Mend this house.
Convince Noah that we have a future.
Because if I visit Noah, and he rejects me, I’m positive that’s something I won’t be able to get over.
Chapter Twenty Seven
NOAH
I don’t know what I’m doing here, but after the conversation with Landon yesterday, where he seemed to accept this as a possibility, I’m thinking there’s an opportunity. Sitting in the car isn’t going to make it happen, though. And that’s what I’ve been doing for nearly an hour.
Not even outside the front of the building. I’m hiding around the corner, parked behind the small, central, private gardens that are closed to the general public. Guess she’s got a key for that gate I’m looking at as well as her own garden. All these residents will have one. That’s what privilege gets you in this part of town. The rest of us, the mere mortals, have to climb in like criminals to get a slice of peace.
Don’t know how I feel about it all. We’re still miles away from each other in too many ways. She doesn’t know what I am, or who I've been, and I haven’t got anything nice to say about the way she’s been brought up either. Maybe she needs to see where I grew up, who I was back then and why I’m the way I am because of that. Might give us a chance at finding middle ground.

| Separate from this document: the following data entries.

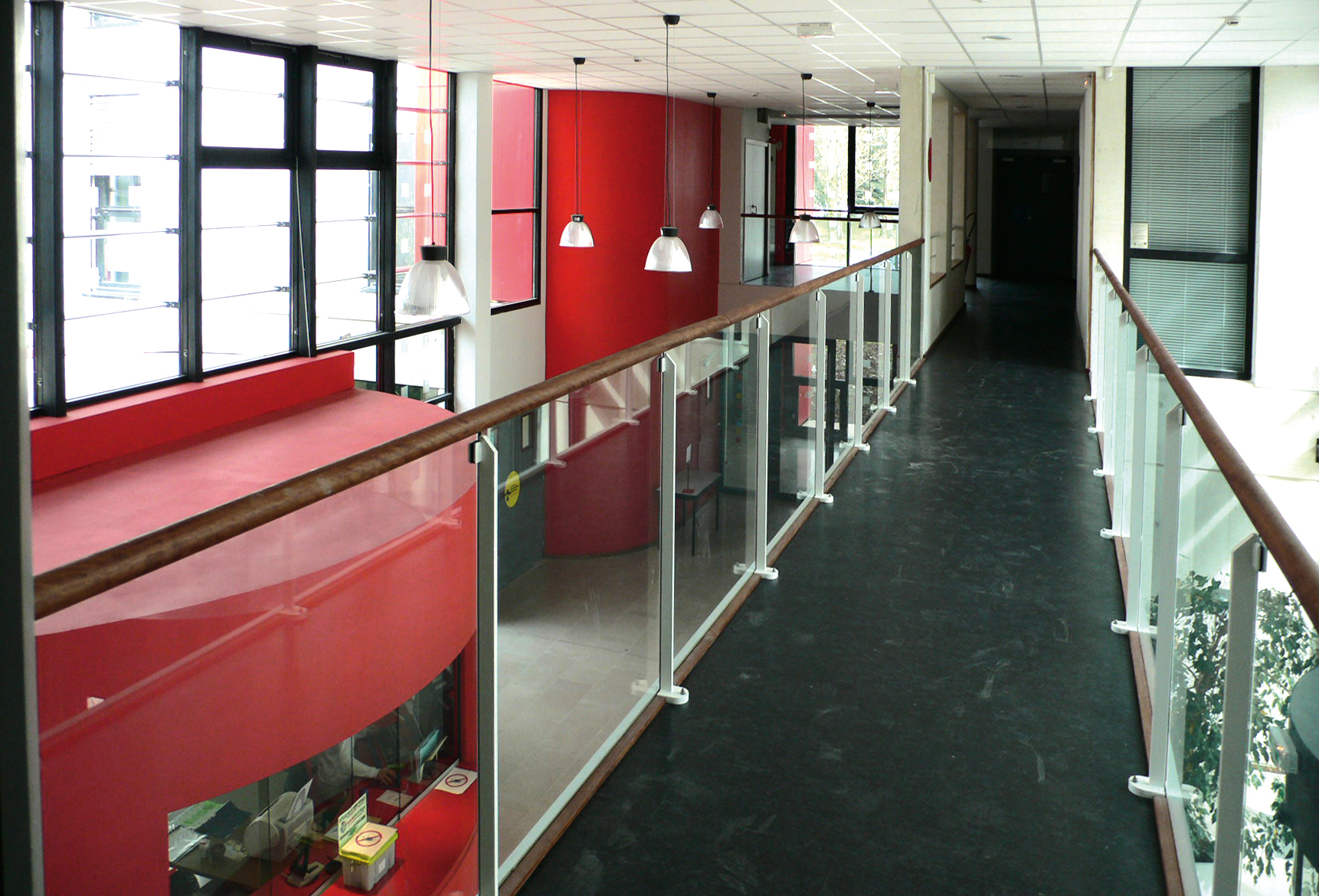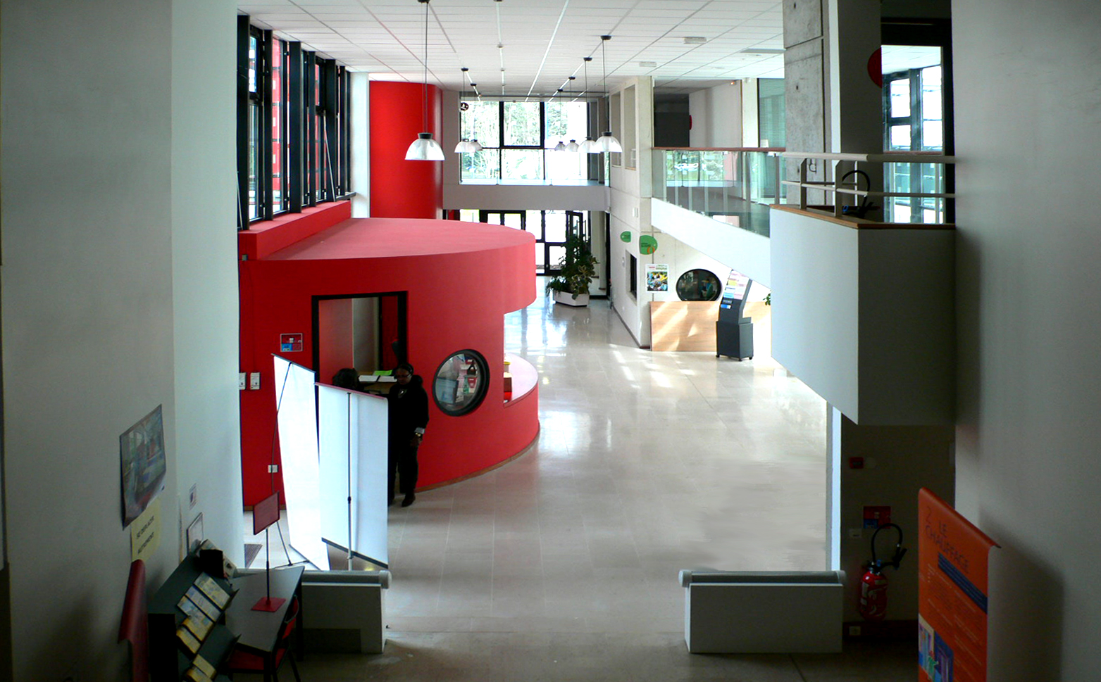 A l’articulation des façades nord et est, le pôle commun, point de jonction entre le C N FPT et le CDG, affiche la particularité de sa fonction. La documentation au rez-de-chaussée et l’attique du niveau 2 s’ouvrent largement sur la rue.
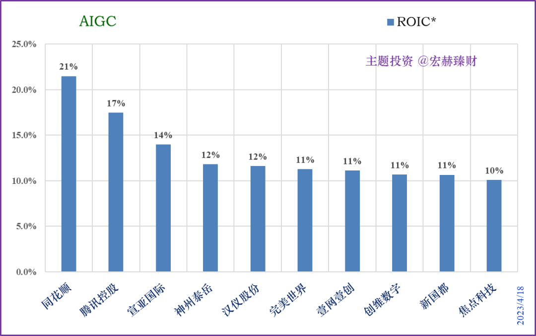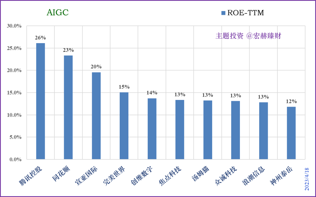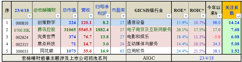 宏赫臻財根據行業特性,在76家「AIGC」概念涉及上市企業中,先篩選未來三年一致預期ROE值大於12%的企業;再篩選出ROE、ROIC兩指標均值大於12%的企業;最后剔除指標異常值,最后剩余【5】家。(金融、地產類公司ROIC不做參考)
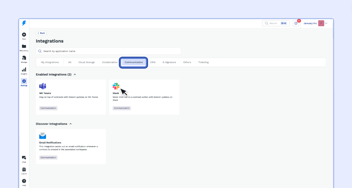 - Ensure the "Slack" integration is enabled in your SpotDraft workspace.
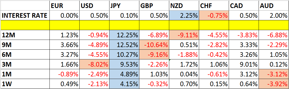 Let’s take a look at the relevant data of currency price changes and interest rates to date, which we compiled using a trade-weighted index of the major global currencies:
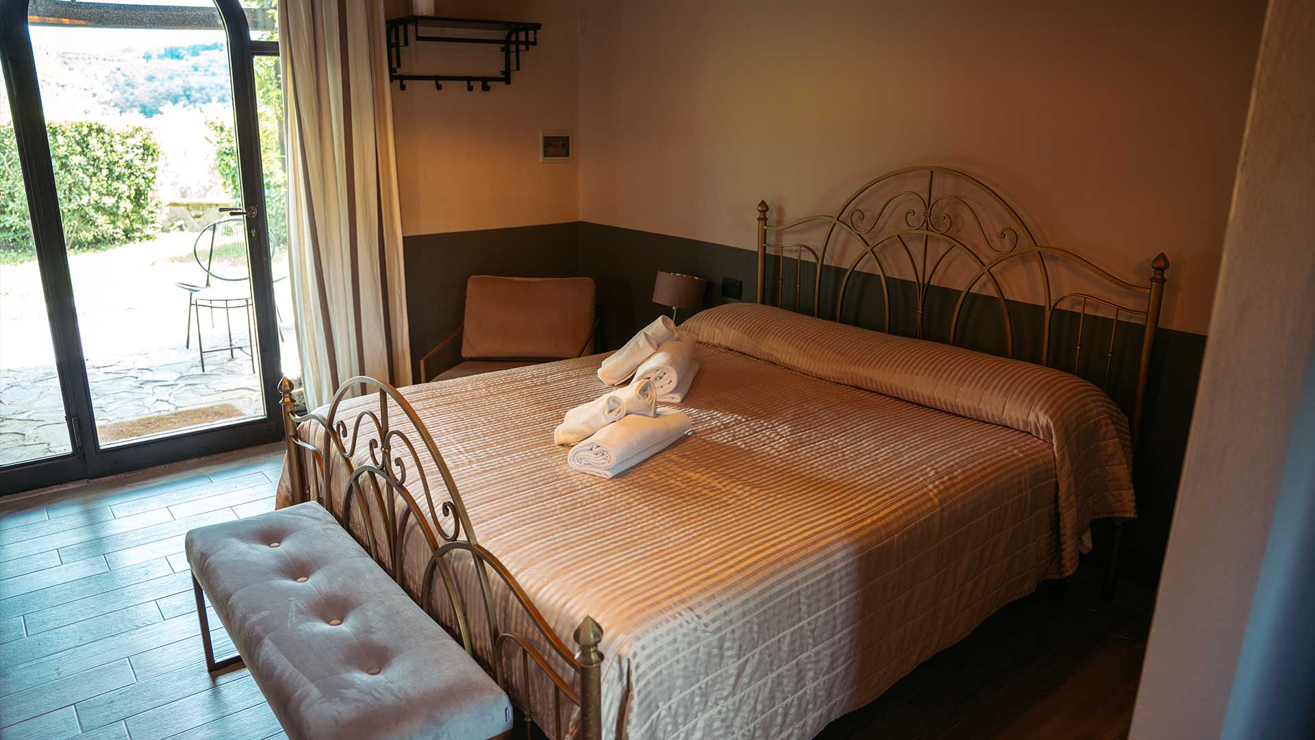 Disponiamo di camere matrimoniali, triple e quadruple (alcune dotate di giardino privato) e di una Villa indipendente.
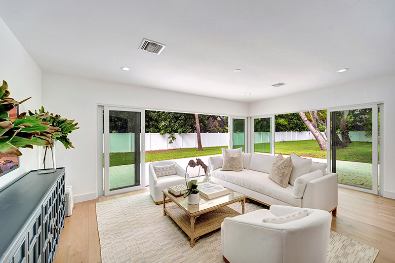 At the back of the house, the living room opens to the outdoors through walls of sliding glass doors on two intersecting sides, maximizing the indoor-outdoor Florida lifestyle.
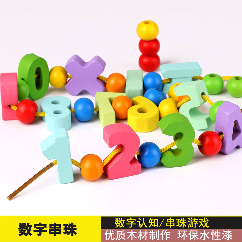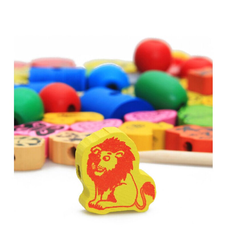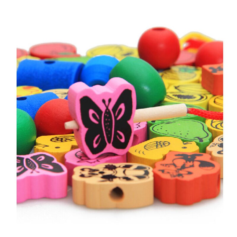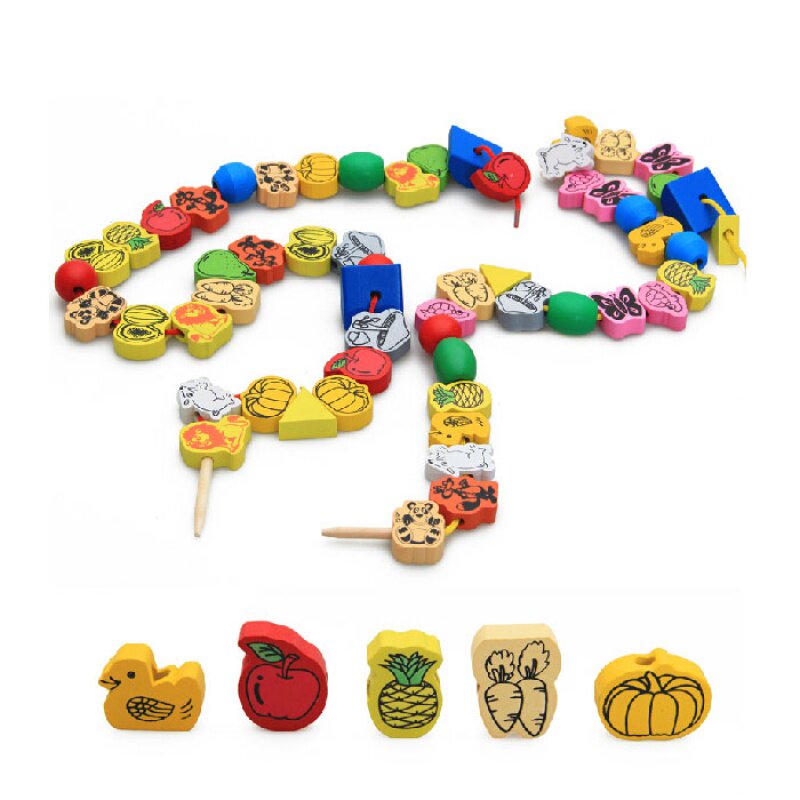 Sky Cat Shop Original Factory High Quality Children Building Blocks Puzzle String Pearl Toys Early Teach Baby To Wear Beads Threading Animal Fruit Wooden Strings Kindergarten

One thing's for sure, sitting at Tallington for champagne and caviar isn’t on my list of priorities any time soon. Nor is wearing fucking tuxedos for events she might want me to be at or dicking around in top hats at the races. It’s not me, and I’m not good enough for it anyway. Me pretending I’m something I’m not isn’t happening. I’m a Croyden boy who did enough – that’s all. I grew up, got out, and found a way to make what is against the law seem relatively legitimate to my way of life.
Sighing, I knock my head back on the headrest, pissed with my own thoughts. I’ll never be like a Broderick, no matter the agreeable conversation with Landon yesterday or the beers we drank. I don’t have his composure, his style, or his ability to make every other human around him feel like a pathetic attempt at life.
Fuck, he even managed to make my home feel beneath him somehow. Don’t think he meant to. It was just him being there. Same shit as her being in there, really, but at least with her, there was some comfort attached, some sense of happiness. It's not good enough, though. None of it is. Not for her. And no matter his show of relative approval, I can’t work out whether continuing to walk away from this is better for everyone than trying.
Either way, Stefan’s safe where he is.
I know that now.
I get out and walk around the gated gardens a few times, maybe trying to find some courage to go and speak truthfully, or maybe just pacing myself and trying to even find the fucking words I’m thinking about. Don’t even know why I’m bothering considering her rejection the first-time round. It’s fucking embarrassing, in all honesty, but something in me needs to do this again - to see if there’s something worth thinking about now that all the shit is over.
I swallow the thought down and look at my car as I get back round to it, then kick the fucking wheel out of sheer annoyance with myself. Stupid. I should get back in. Go home. Toss this off as something that isn’t going anywhere but where it’s already been and be done with it.
My fucking hands are in my pockets, and I’m turning around again to make another loop of the gardens before I know it. I stop and glare at the buildings and then make the probably stupid decision to just go with it and see what happens. Fuck it. Why not? Nothing to lose.
I ring the buzzer when I get there, refusing to change my mind, and wait rather than just jack the lock. Waiting seems like the right thing to do. Guess it offers patience, some show of acting like we’re on a date.
My own eyes roll at the fucking thought.
Dates?
“Hello?”Shit.
“It’s me.”
“Oh. Okay.” The whirr of the door unlocking gives me my cue, and my hand pushes it wide. She’s already got her head out her own door when I walk through and close this one behind me, a small smile on her face. I wait again, unsure of the fucking vision. Not her, there’s nothing wrong with her at all. Never has been. It’s the fucking height of the ceilings. The ornate coving. The paintwork and expensive chandeliers in the hallway that are skewing my thoughts again. She might have plain walls, and simple furnishing, but even that screams class.
“Are you alright?” she says.
“Yeah.”
She steps out into the hallway, smiles wider. “And are you coming in?”
“Yeah.”
I start moving again until we’re in her apartment. It’s awkward as fuck for a few minutes, as she tries to get around me to shut the door, then moves around me again to lead me into the lounge area. Don’t know why. Shouldn’t be other than this feeling of fear that seems to be ramping up inside of me. Feel like having a fucking heart attack if I’m being honest with myself. Blood's rushing around my veins, and my muscles seem to be turning to jelly. Probably just the hole in my stomach making me feel like shit.
“Do you want some tea?” she asks with a half-smile. “I don’t have any beer. I’m sorry.”
“No.”
She looks over my frame. “Are you alright?”